» **DATA SUPPLIED**
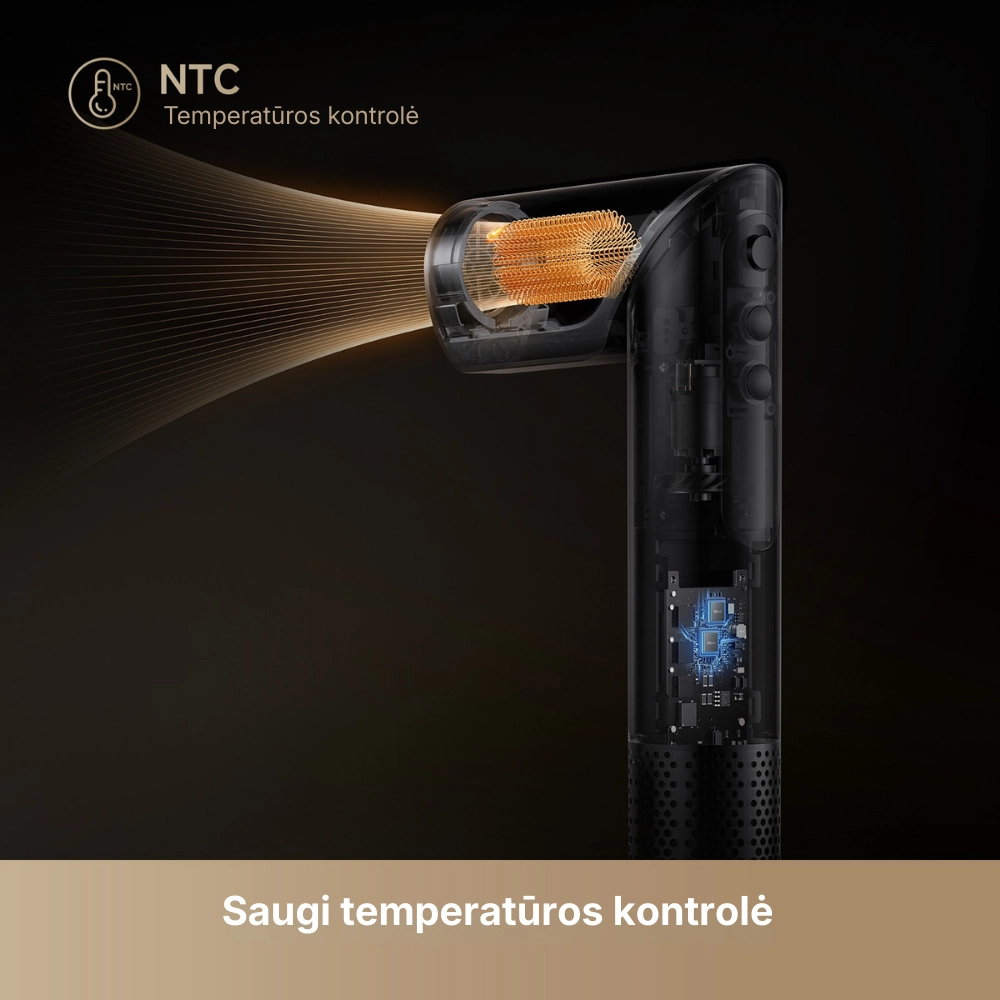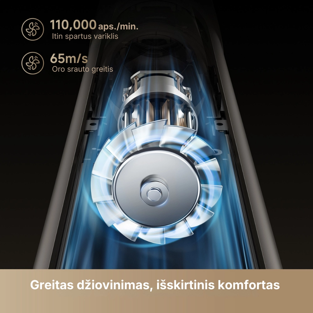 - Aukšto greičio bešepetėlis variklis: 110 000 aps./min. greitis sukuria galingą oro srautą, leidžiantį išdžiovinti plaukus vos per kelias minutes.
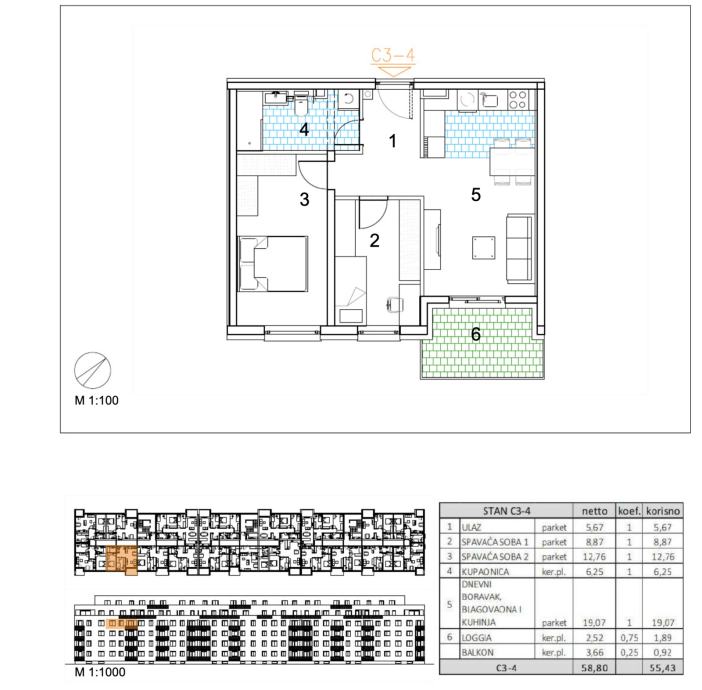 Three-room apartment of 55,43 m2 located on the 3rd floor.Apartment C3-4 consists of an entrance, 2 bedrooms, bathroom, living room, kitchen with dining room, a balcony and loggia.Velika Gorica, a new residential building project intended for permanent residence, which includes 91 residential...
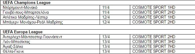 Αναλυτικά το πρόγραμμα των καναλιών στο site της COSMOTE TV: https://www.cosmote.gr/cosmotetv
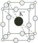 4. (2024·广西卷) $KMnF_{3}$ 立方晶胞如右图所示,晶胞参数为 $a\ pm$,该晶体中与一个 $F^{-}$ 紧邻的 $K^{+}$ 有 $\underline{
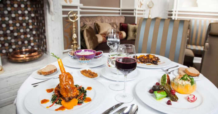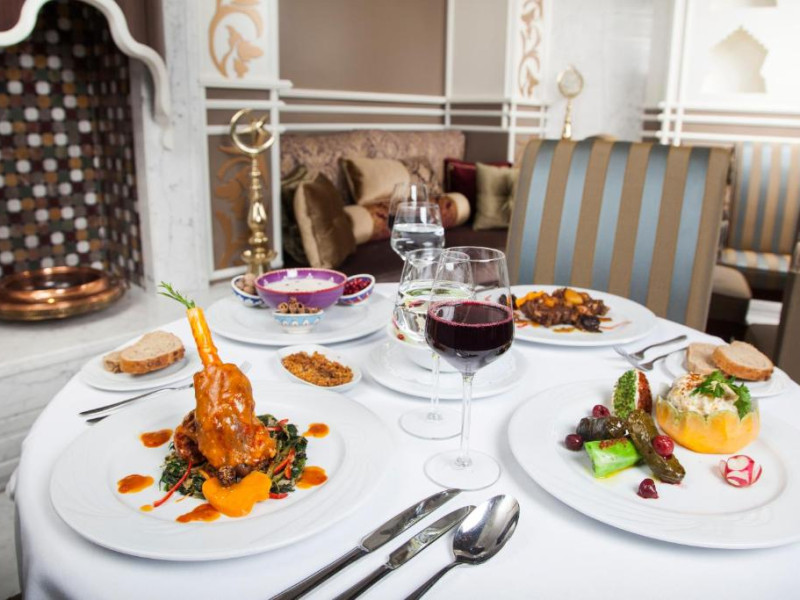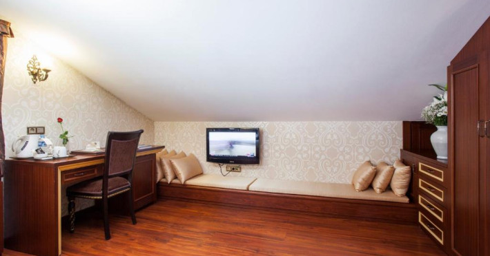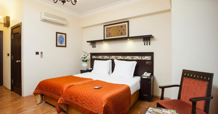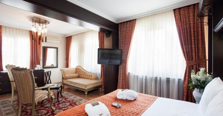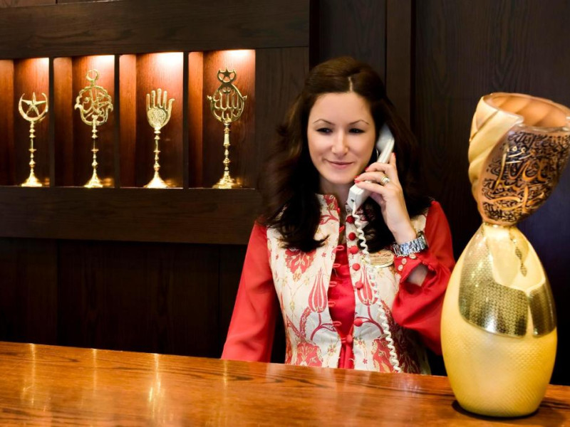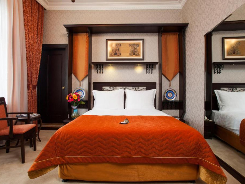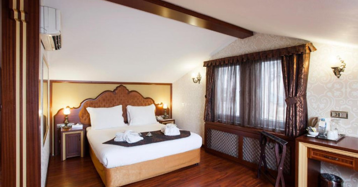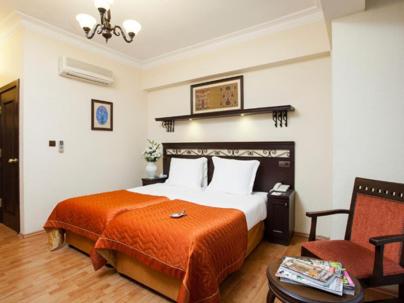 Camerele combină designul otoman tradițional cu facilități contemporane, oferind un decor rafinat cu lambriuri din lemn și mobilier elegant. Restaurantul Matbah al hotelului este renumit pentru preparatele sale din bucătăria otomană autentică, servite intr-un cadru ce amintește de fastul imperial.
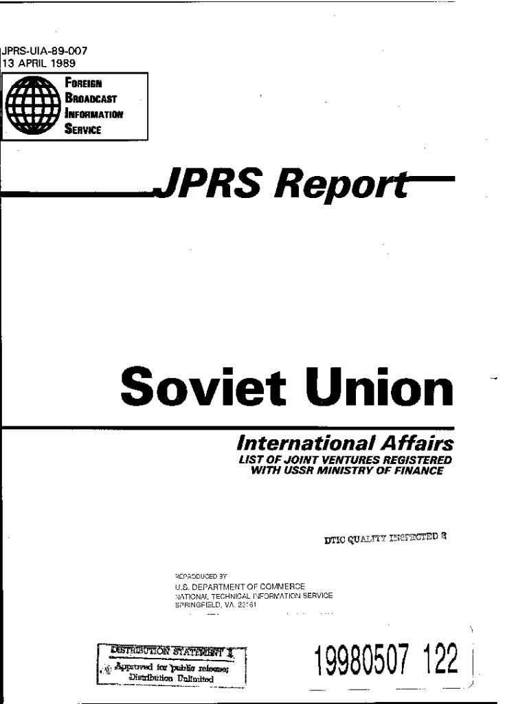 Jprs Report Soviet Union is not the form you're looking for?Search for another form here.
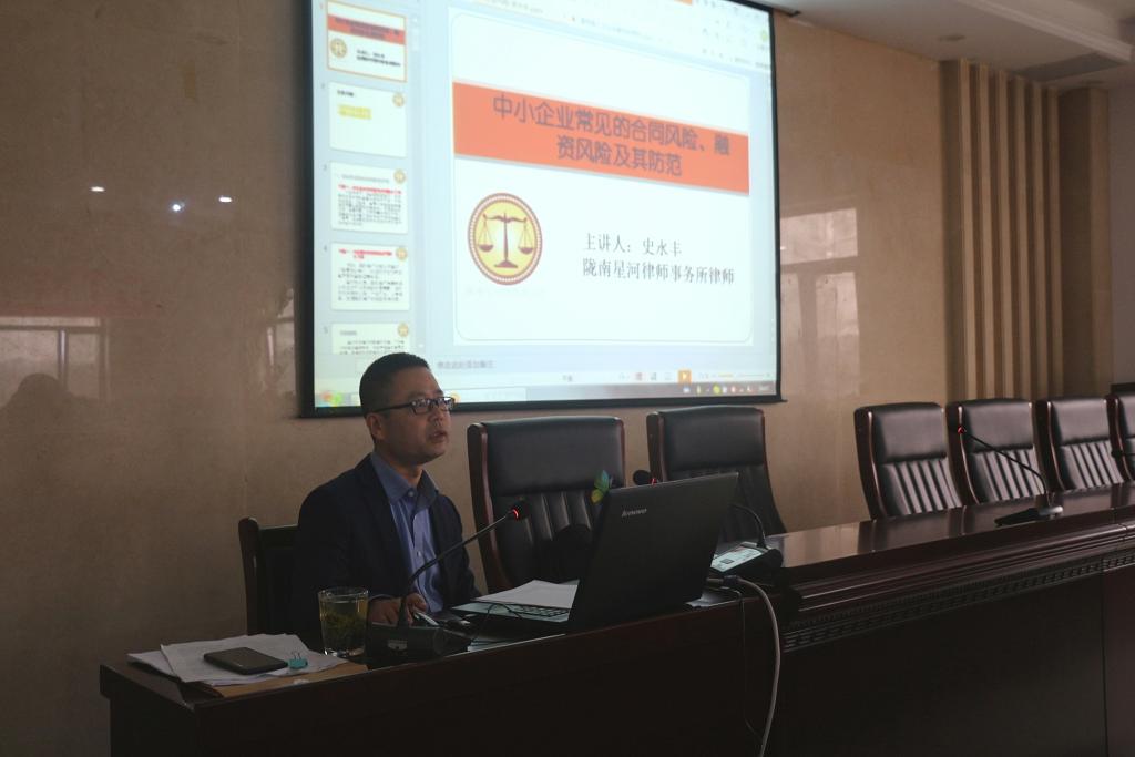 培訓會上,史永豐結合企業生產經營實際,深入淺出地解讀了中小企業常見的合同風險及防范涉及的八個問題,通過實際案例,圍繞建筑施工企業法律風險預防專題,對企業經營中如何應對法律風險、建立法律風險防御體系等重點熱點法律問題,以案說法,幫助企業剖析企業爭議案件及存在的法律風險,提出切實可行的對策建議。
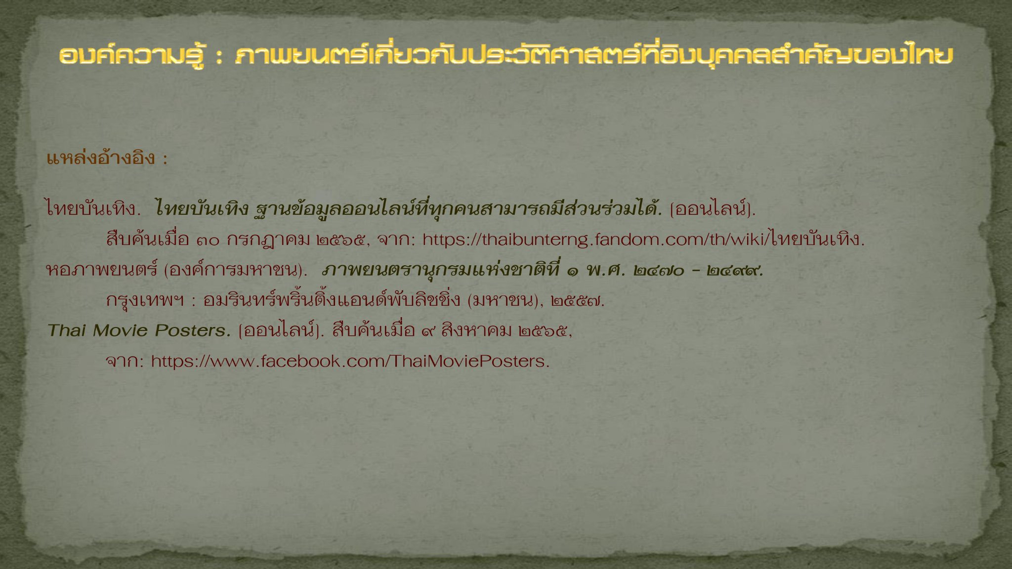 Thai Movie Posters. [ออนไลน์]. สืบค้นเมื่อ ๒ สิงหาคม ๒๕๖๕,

» **PROBLEM REQUIREMENTS**
Copy out exactly the lines that run from the line containing "Camerele combină designul" through the last line of the material, and nothing more; omit the pictures.

» **THE ANSWER**
 Camerele combină designul otoman tradițional cu facilități contemporane, oferind un decor rafinat cu lambriuri din lemn și mobilier elegant. Restaurantul Matbah al hotelului este renumit pentru preparatele sale din bucătăria otomană autentică, servite intr-un cadru ce amintește de fastul imperial.
 Jprs Report Soviet Union is not the form you're looking for?Search for another form here.
 培訓會上,史永豐結合企業生產經營實際,深入淺出地解讀了中小企業常見的合同風險及防范涉及的八個問題,通過實際案例,圍繞建筑施工企業法律風險預防專題,對企業經營中如何應對法律風險、建立法律風險防御體系等重點熱點法律問題,以案說法,幫助企業剖析企業爭議案件及存在的法律風險,提出切實可行的對策建議。
 Thai Movie Posters. [ออนไลน์]. สืบค้นเมื่อ ๒ สิงหาคม ๒๕๖๕,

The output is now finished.